KU Leuven, Department of Electrical Engineering (ESAT), STADIUS Center for Dynamical Systems, Signal Processing and Data Analytics, Kasteelpark Arenberg 10, B-3001 Leuven, Belgium.
University of Cambridge, Cambridge CB2 1TN, UK.
Comput Biol Med. 2024 Mar;171:108205. doi: 10.1016/j.compbiomed.2024.108205. Epub 2024 Feb 23.
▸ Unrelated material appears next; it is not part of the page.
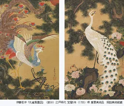 展覧会では、愛する人への想いや穏やかな日常を描いた絵画が披露される。特に注目すべきは、83年ぶりに再発見された伊藤若冲の名作「孔雀鳳凰図」であり、この貴重な作品を直接鑑賞できる機会となる。他にも、平和や享楽をテーマにした名所的な風俗画や、様々な生き物を描いた作品が並び、日本の自然や日常の美が感じられる。
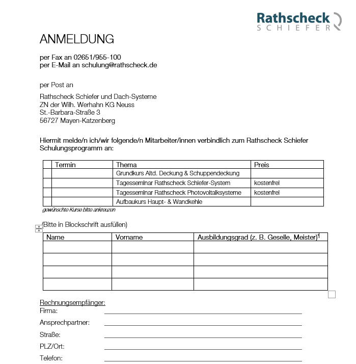 Im Rahmen unseres Schulungsprogramms bieten wir, gemeinsam mit der Dachdeckerschule in Lehesten, neben unseren kostenfreien Tagesseminaren zum Rathscheck Schiefer-System und unseren Photovoltaiksystemen, nun auch umfangreiche Grund- und Weiterbildungskurse zu klassischen Deckarten und Anschlussdetails.

With the increasing prevalence of machine learning in critical fields like healthcare, ensuring the safety and reliability of these systems is crucial. Estimating uncertainty plays a vital role in enhancing reliability by identifying areas of high and low confidence and reducing the risk of errors. This study introduces U-PASS, a specialized human-centered machine learning pipeline tailored for clinical applications, which effectively communicates uncertainty to clinical experts and collaborates with them to improve predictions. U-PASS incorporates uncertainty estimation at every stage of the process, including data acquisition, training, and model deployment. Training is divided into a supervised pre-training step and a semi-supervised recording-wise finetuning step. We apply U-PASS to the challenging task of sleep staging and demonstrate that it systematically improves performance at every stage. By optimizing the training dataset, actively seeking feedback from domain experts for informative samples, and deferring the most uncertain samples to experts, U-PASS achieves an impressive expert-level accuracy of 85% on a challenging clinical dataset of elderly sleep apnea patients. This represents a significant improvement over the starting point at 75% accuracy. The largest improvement gain is due to the deferral of uncertain epochs to a sleep expert. U-PASS presents a promising AI approach to incorporating uncertainty estimation in machine learning pipelines, improving their reliability and unlocking their potential in clinical settings.
随着机器学习在医疗等关键领域的日益普及,确保这些系统的安全性和可靠性至关重要。通过识别高置信度和低置信度区域并降低错误风险,估计不确定性在提高可靠性方面发挥着重要作用。本研究引入了 U-PASS,这是一种专门针对临床应用的以人为中心的机器学习管道,它可以有效地向临床专家传达不确定性,并与他们合作改进预测。U-PASS 在整个过程的每个阶段都进行不确定性估计,包括数据采集、训练和模型部署。训练分为有监督的预训练步骤和半监督的按记录微调步骤。我们将 U-PASS 应用于具有挑战性的睡眠分期任务,并证明它在每个阶段都能系统地提高性能。通过优化训练数据集、积极为有价值的样本寻求领域专家的反馈,以及将最不确定的样本推迟给专家,U-PASS 在一个具有挑战性的老年睡眠呼吸暂停患者临床数据集上实现了令人印象深刻的专家级准确性,达到了 85%。这比起始准确率 75%有了显著提高。最大的改进增益是由于将不确定的时段推迟给睡眠专家。U-PASS 提出了一种有前途的人工智能方法,可以在机器学习管道中纳入不确定性估计,提高其可靠性,并在临床环境中释放其潜力。